Cookbooks Cooking Cooking, New Zealand History Tunu kai
In the past two decades, cuisine and culinary history have attracted increasing attention, with both popular and academic books reflecting the growth of interest. Recipes are both sensitive markers of the socioeconomic conditions of their times and written representations of a culture’s culinary repertoire yet, despite the vast number of cookbooks that survive, they have not been the primary focus of research projects. Acknowledgement of their potential contribution to our understanding of culinary history has been slow. This book is a first in its field. The book opens with the three Macmillan Brown Lectures given by Helen Leach at Canterbury University in 2008 and broadcast on National Radio in 2009. The second part is comprised of essays by a number of contributors from a major research project that looked at Kiwi cookbooks, supported by the Marsden Fund.

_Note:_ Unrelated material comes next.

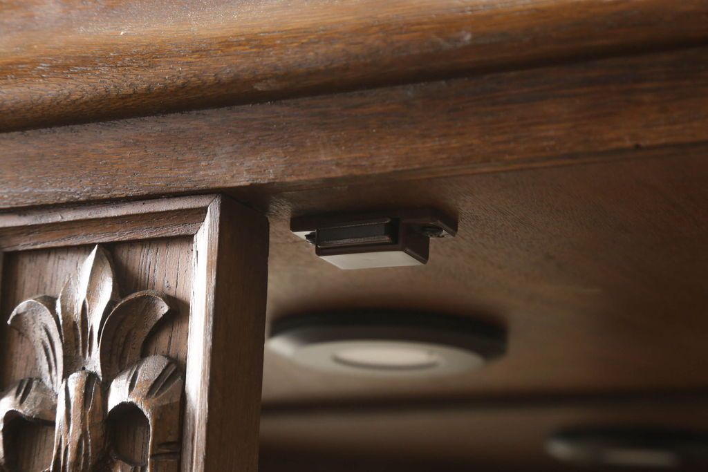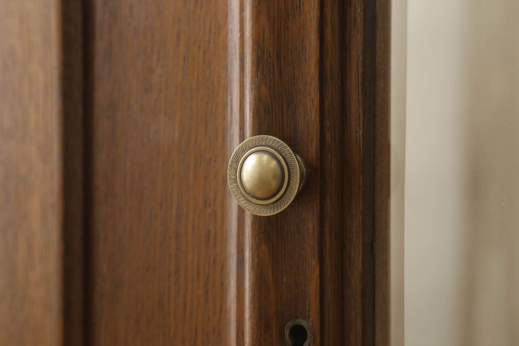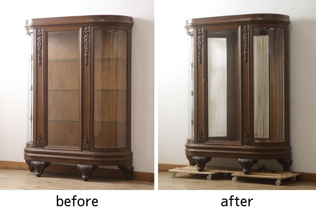 セミオーダー家具実績 > キャビネットをリペア&カスタム!背面の形状に合わせてミラーを取り付け、バランスを見てつまみも取り付け。内部天井にLEDライト、扉部分にマグネットキャッチ、脚裏にフェルトを取り付け。(ガラスケース、ショーケース、飾り棚、陳列棚、店舗什器)

The essays explore several themes in New Zealand’s food history, including the adaptation of British and Māori culinary traditions in the nineteenth century and the fate of the Māori tradition in the twentieth, external influences on New Zealand cookery (previously thought to be predominantly British until after World War II), the transmission of cookery knowledge between and within generations, the impact of changing technology on cooking methods and recipes, nutritional advice in community cookbooks, and the transition from modernism to postmodernism, as seen in the cookbooks of Aunt Daisy and Lois Daish. This book will entertain anyone interested in food, New Zealand history or domestic culture.